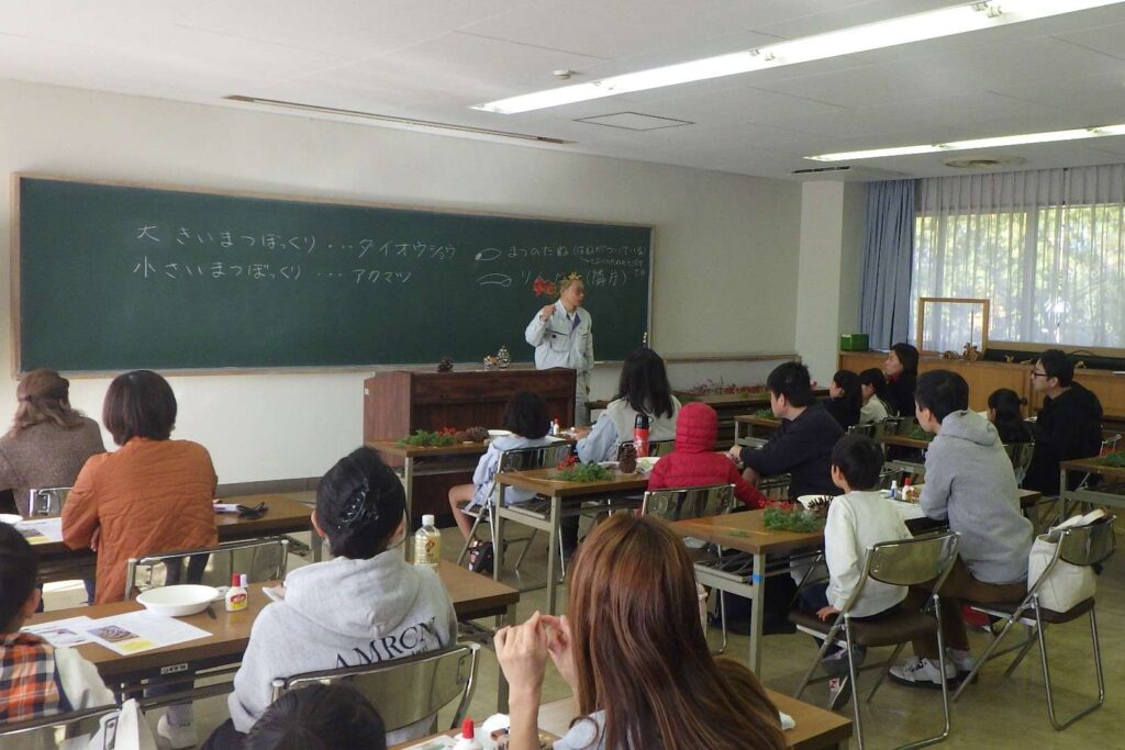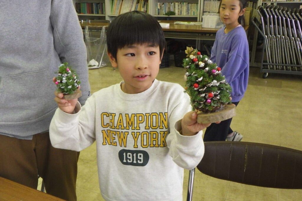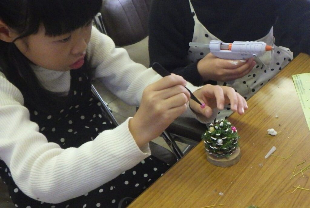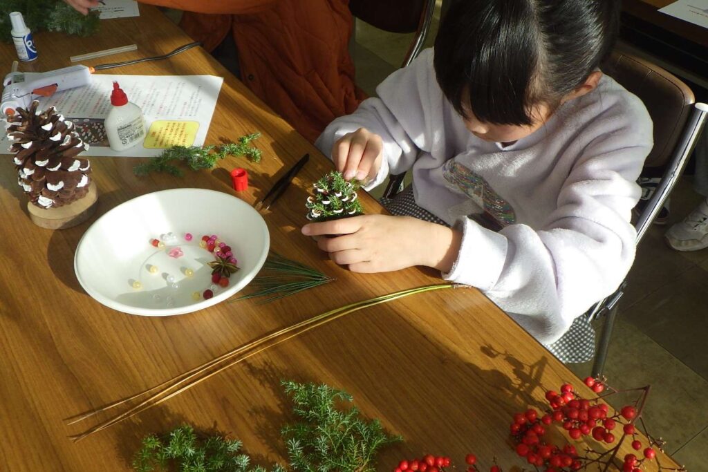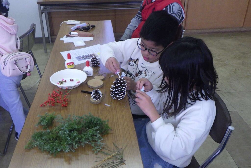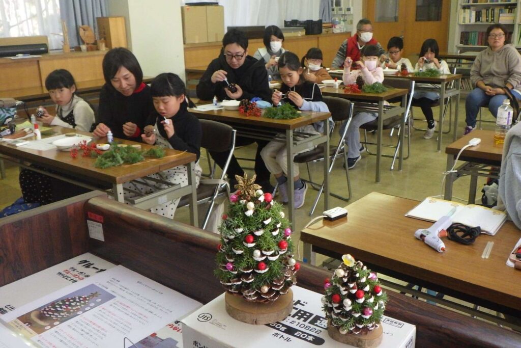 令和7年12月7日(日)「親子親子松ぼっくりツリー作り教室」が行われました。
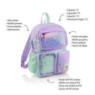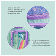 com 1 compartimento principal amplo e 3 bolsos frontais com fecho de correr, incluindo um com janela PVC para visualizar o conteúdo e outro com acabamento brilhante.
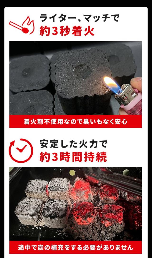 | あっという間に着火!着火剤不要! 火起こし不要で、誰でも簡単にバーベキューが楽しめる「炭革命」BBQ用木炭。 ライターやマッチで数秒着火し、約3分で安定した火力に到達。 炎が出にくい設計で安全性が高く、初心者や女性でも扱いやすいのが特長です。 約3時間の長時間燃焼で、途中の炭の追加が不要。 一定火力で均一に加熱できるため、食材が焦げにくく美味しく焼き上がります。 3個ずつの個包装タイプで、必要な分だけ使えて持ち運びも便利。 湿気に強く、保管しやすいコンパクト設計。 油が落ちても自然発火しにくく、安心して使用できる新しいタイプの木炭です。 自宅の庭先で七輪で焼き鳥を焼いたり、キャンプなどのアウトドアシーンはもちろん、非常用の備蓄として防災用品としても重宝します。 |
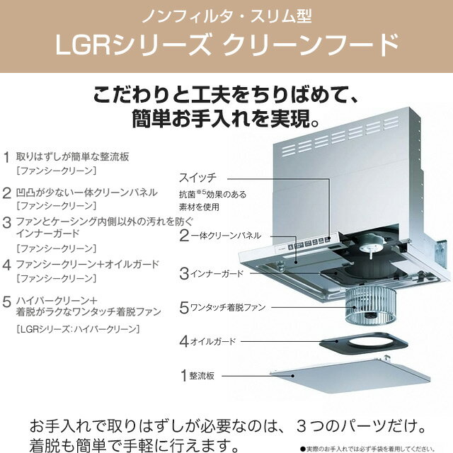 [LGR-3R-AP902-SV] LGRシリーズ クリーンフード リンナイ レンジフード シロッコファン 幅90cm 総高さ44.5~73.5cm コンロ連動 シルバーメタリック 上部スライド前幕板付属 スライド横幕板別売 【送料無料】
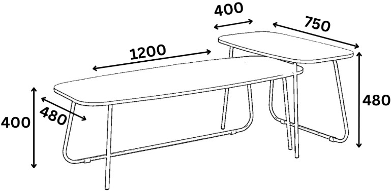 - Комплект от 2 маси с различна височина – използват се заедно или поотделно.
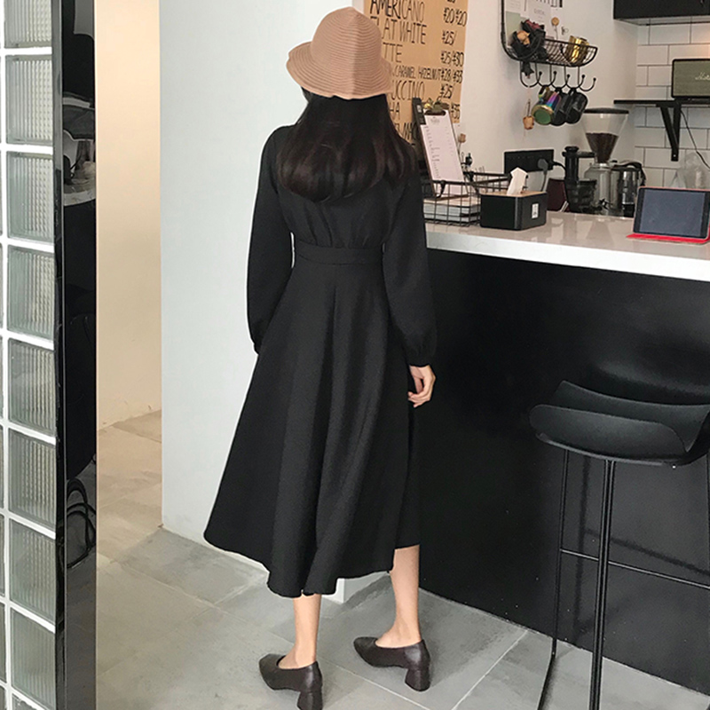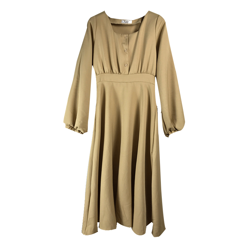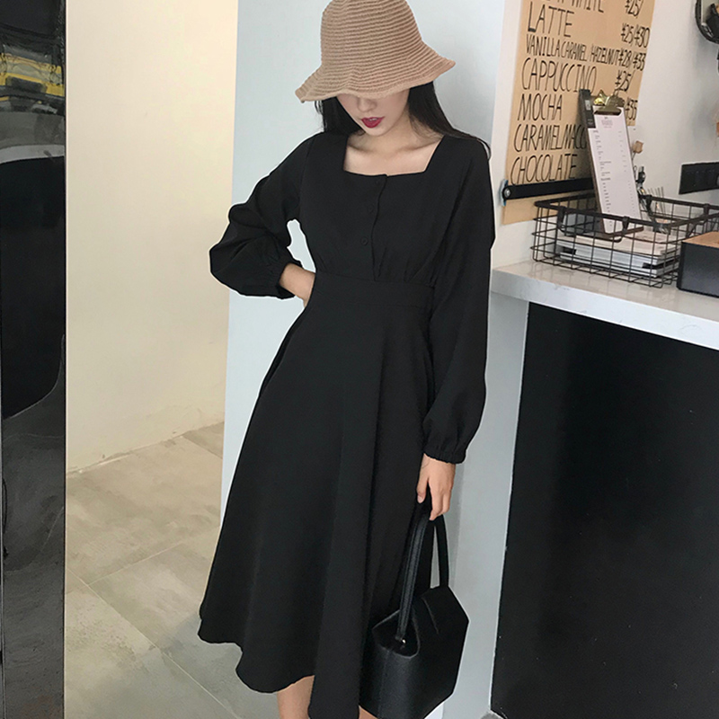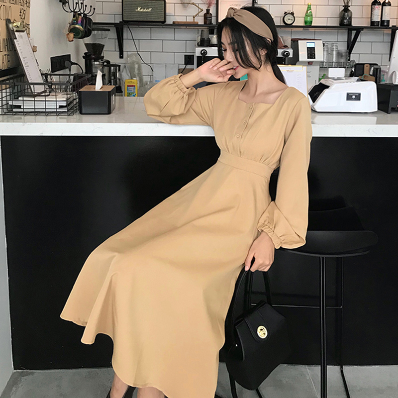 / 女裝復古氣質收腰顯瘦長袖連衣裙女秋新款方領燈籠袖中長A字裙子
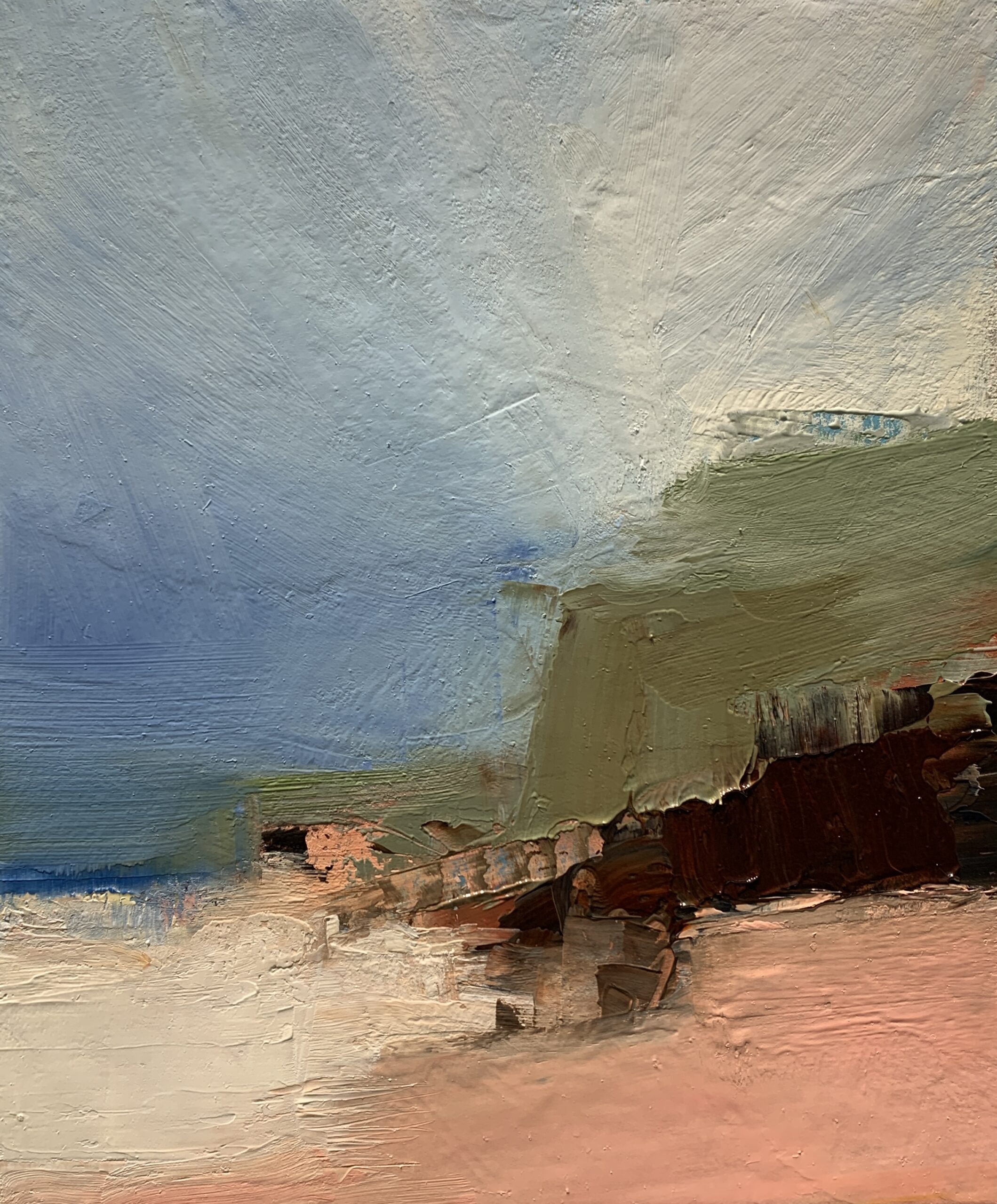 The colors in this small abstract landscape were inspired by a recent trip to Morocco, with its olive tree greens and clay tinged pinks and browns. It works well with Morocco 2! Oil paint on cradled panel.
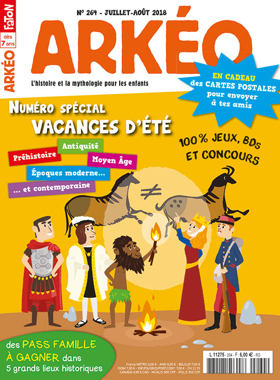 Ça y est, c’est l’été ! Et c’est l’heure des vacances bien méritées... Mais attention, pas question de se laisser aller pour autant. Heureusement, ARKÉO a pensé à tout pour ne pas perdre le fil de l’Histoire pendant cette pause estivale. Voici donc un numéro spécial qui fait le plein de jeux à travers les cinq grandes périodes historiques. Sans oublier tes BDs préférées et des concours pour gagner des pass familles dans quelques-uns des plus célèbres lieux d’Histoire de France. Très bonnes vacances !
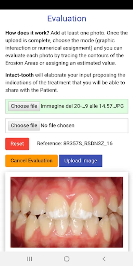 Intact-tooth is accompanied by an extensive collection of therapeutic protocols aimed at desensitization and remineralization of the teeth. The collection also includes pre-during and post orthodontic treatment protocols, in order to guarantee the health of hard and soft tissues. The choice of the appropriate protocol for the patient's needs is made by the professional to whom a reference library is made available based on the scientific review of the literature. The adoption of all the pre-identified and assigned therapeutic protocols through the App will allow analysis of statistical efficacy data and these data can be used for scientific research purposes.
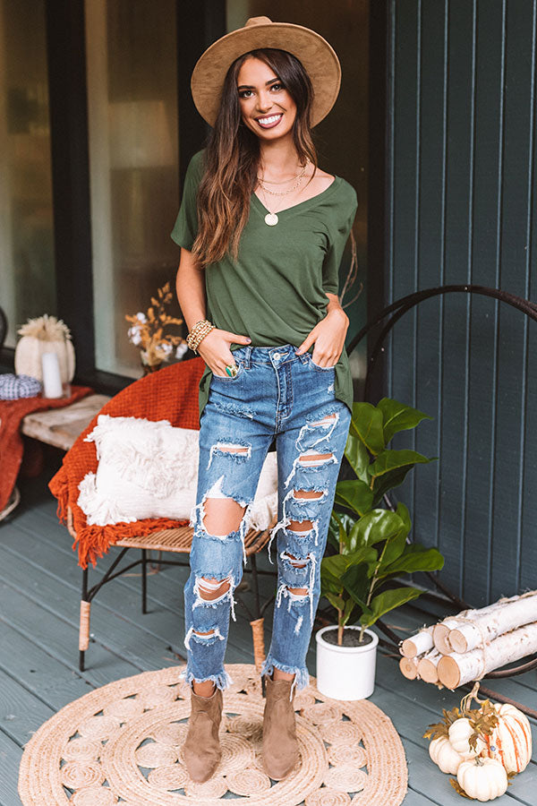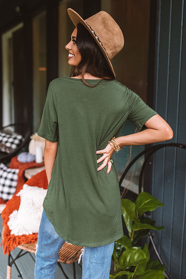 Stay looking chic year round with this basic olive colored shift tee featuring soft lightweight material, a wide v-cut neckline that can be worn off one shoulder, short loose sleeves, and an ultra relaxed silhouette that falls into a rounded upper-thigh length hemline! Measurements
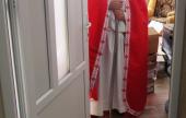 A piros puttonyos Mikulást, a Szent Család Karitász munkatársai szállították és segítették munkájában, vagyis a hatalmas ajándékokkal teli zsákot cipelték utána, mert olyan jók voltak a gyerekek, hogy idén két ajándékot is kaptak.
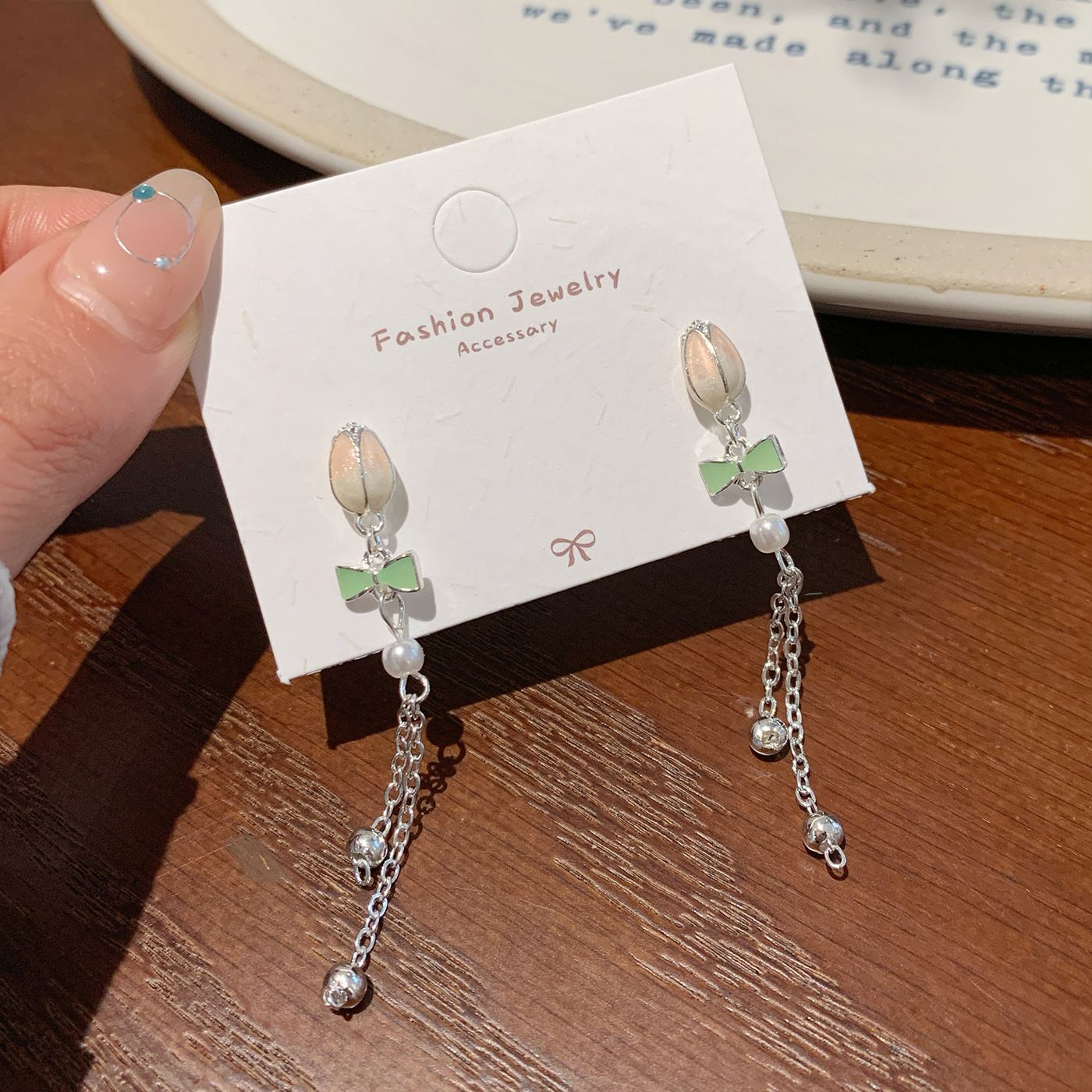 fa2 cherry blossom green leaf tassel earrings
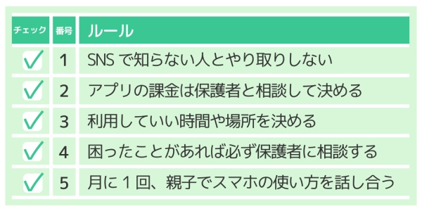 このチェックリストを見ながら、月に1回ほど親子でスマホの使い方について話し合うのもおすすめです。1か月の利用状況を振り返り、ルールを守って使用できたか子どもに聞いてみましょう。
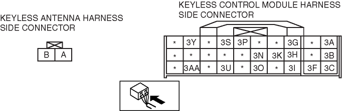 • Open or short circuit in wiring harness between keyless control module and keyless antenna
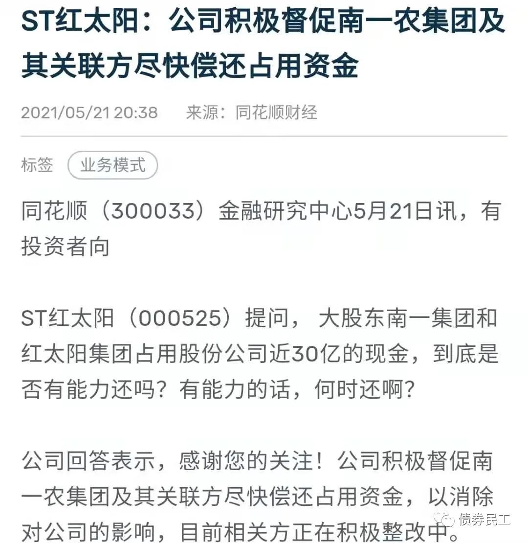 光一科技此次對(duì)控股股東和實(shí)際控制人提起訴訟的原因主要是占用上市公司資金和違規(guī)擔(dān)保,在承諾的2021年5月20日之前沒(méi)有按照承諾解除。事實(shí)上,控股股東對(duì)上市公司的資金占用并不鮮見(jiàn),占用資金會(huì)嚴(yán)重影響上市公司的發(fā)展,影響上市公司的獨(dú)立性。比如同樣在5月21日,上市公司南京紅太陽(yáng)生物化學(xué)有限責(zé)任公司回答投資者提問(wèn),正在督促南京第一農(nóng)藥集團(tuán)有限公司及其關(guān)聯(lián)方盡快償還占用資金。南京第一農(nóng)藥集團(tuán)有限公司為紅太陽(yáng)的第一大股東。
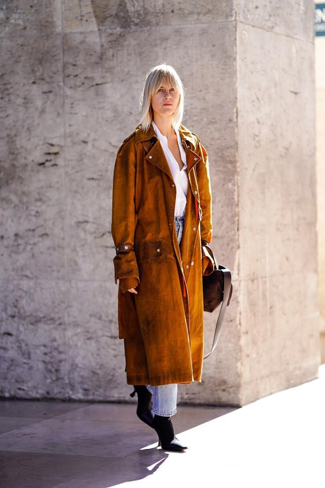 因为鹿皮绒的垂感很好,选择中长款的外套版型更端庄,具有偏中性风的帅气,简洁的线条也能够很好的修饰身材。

────────────────────────────────────────

- [About this exercise]
Transcribe all of the lines above exactly as given. The pictures stay out.

- [Reply]
 令和7年12月7日(日)「親子親子松ぼっくりツリー作り教室」が行われました。
 com 1 compartimento principal amplo e 3 bolsos frontais com fecho de correr, incluindo um com janela PVC para visualizar o conteúdo e outro com acabamento brilhante.
 | あっという間に着火!着火剤不要! 火起こし不要で、誰でも簡単にバーベキューが楽しめる「炭革命」BBQ用木炭。 ライターやマッチで数秒着火し、約3分で安定した火力に到達。 炎が出にくい設計で安全性が高く、初心者や女性でも扱いやすいのが特長です。 約3時間の長時間燃焼で、途中の炭の追加が不要。 一定火力で均一に加熱できるため、食材が焦げにくく美味しく焼き上がります。 3個ずつの個包装タイプで、必要な分だけ使えて持ち運びも便利。 湿気に強く、保管しやすいコンパクト設計。 油が落ちても自然発火しにくく、安心して使用できる新しいタイプの木炭です。 自宅の庭先で七輪で焼き鳥を焼いたり、キャンプなどのアウトドアシーンはもちろん、非常用の備蓄として防災用品としても重宝します。 |
 [LGR-3R-AP902-SV] LGRシリーズ クリーンフード リンナイ レンジフード シロッコファン 幅90cm 総高さ44.5~73.5cm コンロ連動 シルバーメタリック 上部スライド前幕板付属 スライド横幕板別売 【送料無料】
 - Комплект от 2 маси с различна височина – използват се заедно или поотделно.
 / 女裝復古氣質收腰顯瘦長袖連衣裙女秋新款方領燈籠袖中長A字裙子
 The colors in this small abstract landscape were inspired by a recent trip to Morocco, with its olive tree greens and clay tinged pinks and browns. It works well with Morocco 2! Oil paint on cradled panel.
 Ça y est, c’est l’été ! Et c’est l’heure des vacances bien méritées... Mais attention, pas question de se laisser aller pour autant. Heureusement, ARKÉO a pensé à tout pour ne pas perdre le fil de l’Histoire pendant cette pause estivale. Voici donc un numéro spécial qui fait le plein de jeux à travers les cinq grandes périodes historiques. Sans oublier tes BDs préférées et des concours pour gagner des pass familles dans quelques-uns des plus célèbres lieux d’Histoire de France. Très bonnes vacances !
 Intact-tooth is accompanied by an extensive collection of therapeutic protocols aimed at desensitization and remineralization of the teeth. The collection also includes pre-during and post orthodontic treatment protocols, in order to guarantee the health of hard and soft tissues. The choice of the appropriate protocol for the patient's needs is made by the professional to whom a reference library is made available based on the scientific review of the literature. The adoption of all the pre-identified and assigned therapeutic protocols through the App will allow analysis of statistical efficacy data and these data can be used for scientific research purposes.
 Stay looking chic year round with this basic olive colored shift tee featuring soft lightweight material, a wide v-cut neckline that can be worn off one shoulder, short loose sleeves, and an ultra relaxed silhouette that falls into a rounded upper-thigh length hemline! Measurements
 A piros puttonyos Mikulást, a Szent Család Karitász munkatársai szállították és segítették munkájában, vagyis a hatalmas ajándékokkal teli zsákot cipelték utána, mert olyan jók voltak a gyerekek, hogy idén két ajándékot is kaptak.
 fa2 cherry blossom green leaf tassel earrings
 このチェックリストを見ながら、月に1回ほど親子でスマホの使い方について話し合うのもおすすめです。1か月の利用状況を振り返り、ルールを守って使用できたか子どもに聞いてみましょう。
 • Open or short circuit in wiring harness between keyless control module and keyless antenna
 光一科技此次對(duì)控股股東和實(shí)際控制人提起訴訟的原因主要是占用上市公司資金和違規(guī)擔(dān)保,在承諾的2021年5月20日之前沒(méi)有按照承諾解除。事實(shí)上,控股股東對(duì)上市公司的資金占用并不鮮見(jiàn),占用資金會(huì)嚴(yán)重影響上市公司的發(fā)展,影響上市公司的獨(dú)立性。比如同樣在5月21日,上市公司南京紅太陽(yáng)生物化學(xué)有限責(zé)任公司回答投資者提問(wèn),正在督促南京第一農(nóng)藥集團(tuán)有限公司及其關(guān)聯(lián)方盡快償還占用資金。南京第一農(nóng)藥集團(tuán)有限公司為紅太陽(yáng)的第一大股東。
 因为鹿皮绒的垂感很好,选择中长款的外套版型更端庄,具有偏中性风的帅气,简洁的线条也能够很好的修饰身材。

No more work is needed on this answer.